I found it darkly terrifying that Lewis portrayed the demons as wanting humans to despair rather than to live-it-up-sinful-and-lusty-style. It seems, to me at least, more believable that demons would want a darkness over a fake light. As Screwtape explains, “And Nothing is very strong: strong enough to steal away a man’s best years not in sweet sins but in a dreary flickering of the mind over it knows not what and knows not why, in the gratification of curiosities so feeble that the man is only half aware of them, in drumming of fingers and kicking of heels, in whistling tunes that he does not like, or in the long, dim labyrinth of reveries that have not even lust or ambition to give them a relish, but which, once chance association has started them, the creature is too weak and fuddled to shake off.”

Pay special attention to the demon’s backside.

What I did not like:

The first thirty minutes or so (audiobook) read like Christian propaganda. Meaning “anyone with any intelligence must be a Christian” which doesn’t make much sense considering the writer of these letters is meant to be a demon.

Granted I did choose to read a book written by a Christian pretending to be a demon, which is kind of like reading a book written by a Holocaust survivor pretending to be an SS Officer and then being surprised that the writer didn’t present the viewpoint with unbiased accuracy.

Take for example this section, “He [God] wants servants who can finally become sons. We want to suck in, He wants to give out. We are empty and would be filled; He is full and flows over. Our war aim is a world in which Our Father Below [Satan] has drawn all other beings into himself: the Enemy wants a world full of beings united to Him but still distinct.” That sounds remarkably like Screwtape likes God (which admittedly he gets in

trouble for later, but still it sounds groveling and appreciative of what he terms “The Enemy.”

I also wasn’t crazy about Lewis’s view on a “moderated religion.” He states through the pen of Screwtape that, “A moderated religion is as good for us as no religion at all—and more amusing.” Lewis seems to be warning against being religious with any moderation; he implies that only the radically religious are safe from demon hordes. This idea is irritating to me as I have dealt with far too many zealots to believe in truly unmoderated ideals as a positive.

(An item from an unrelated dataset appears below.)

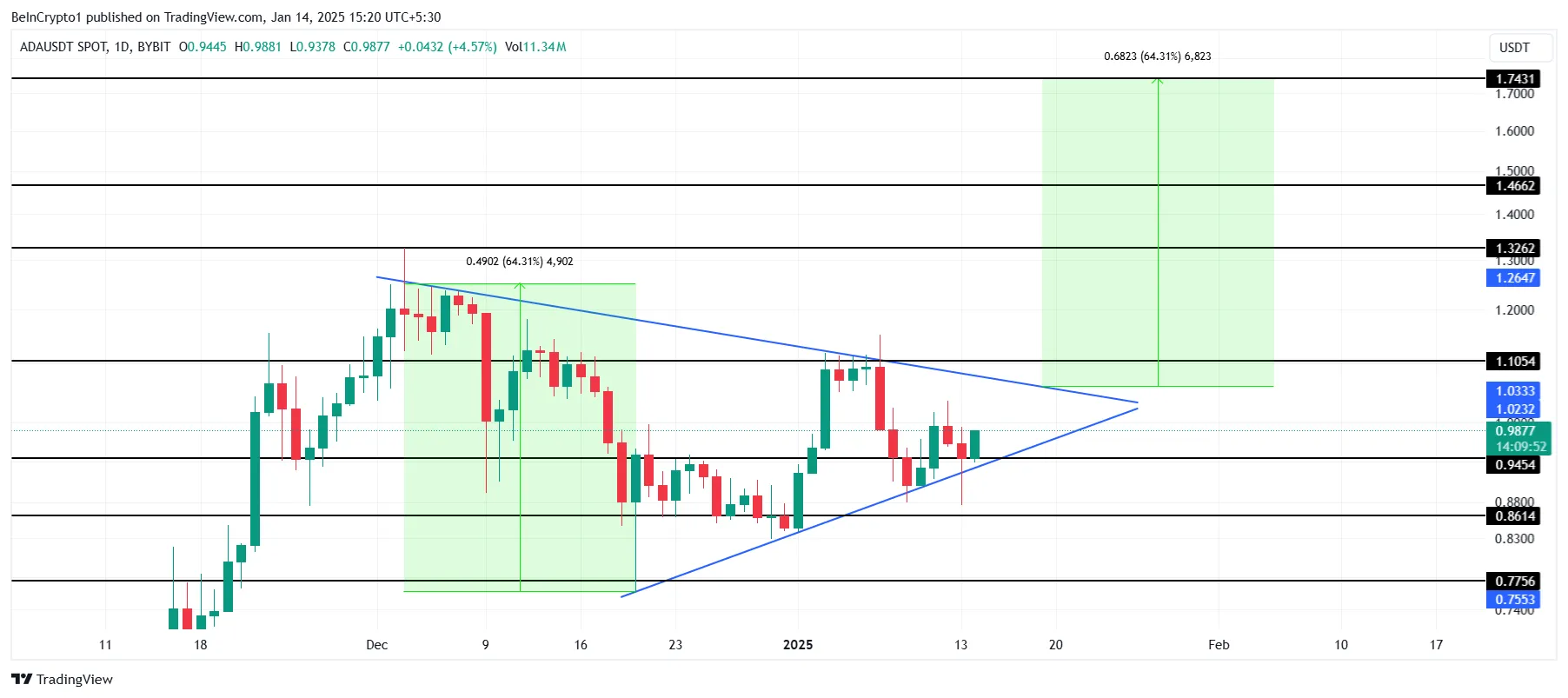 El precio de Cardano se está negociando dentro de un triángulo simétrico, un patrón técnico que sugiere un posible rally del 64% tras la ruptura. Si se realiza, esto empujaría el precio de ADA a un objetivo de 1,74 dólares, representando un aumento significativo para los inversores. La confirmación de la ruptura requeriría que Cardano convierta 1,10 dólares en soporte.

Another irritation I had probably has more to do with the time period of Lewis’s writing. Screwtape holds the belief that marriage is meant to be binding and contractual. He shows disdain for a marriage based on love and goes so far as to say that it was demons who first came up with the idea as a way to pervert God’s original idea. Screwtape writes on how demons created the idea of a love-based marriage: “We have done this through the poets and novelists by persuading the humans that a curious, and usually shortlived, experience which they call ‘being in love’ is the only respectable ground for marriage; that marriage can, and ought to, render this excitement permanent; and that a marriage which does not do so is no longer binding. This idea is our parody of an idea that came from the Enemy.” Screwtape then goes on to state that a marriage based on mutual benefits is more than enough for Christians.

Here it is hard to separate what is Lewis’s view and what is fiction (specifically fiction written from the perspective of a demon), but because so much of this novel read as a Christian’s understanding of demons and their powers it left me with the feeling that much of what is written at least coincides with Lewis’s beliefs.

Who would I recommend it to

Christians and atheists (this book shouldn’t lead anyone astray from their beliefs; if anything it may strengthen them in either direction).

The religiously curious

Adult C.S. Lewis fans (and young C.S. Lewis fans if they are developed enough mentally/ emotionally to understand the unusual basis of the novel)

Lovers of literary fiction and classics

About the Author

Hopefully you have already heard of C. S. Lewis. If you haven’t you have probably heard of The Chronicles of Narnia (either book or movie series, both of which are worthwhile). C.S. Lewis became an atheist at around 15 then at around 33 he became a Christian. All of his published works are written after he became a Christian. The Screwtape Letters were written when he was 44.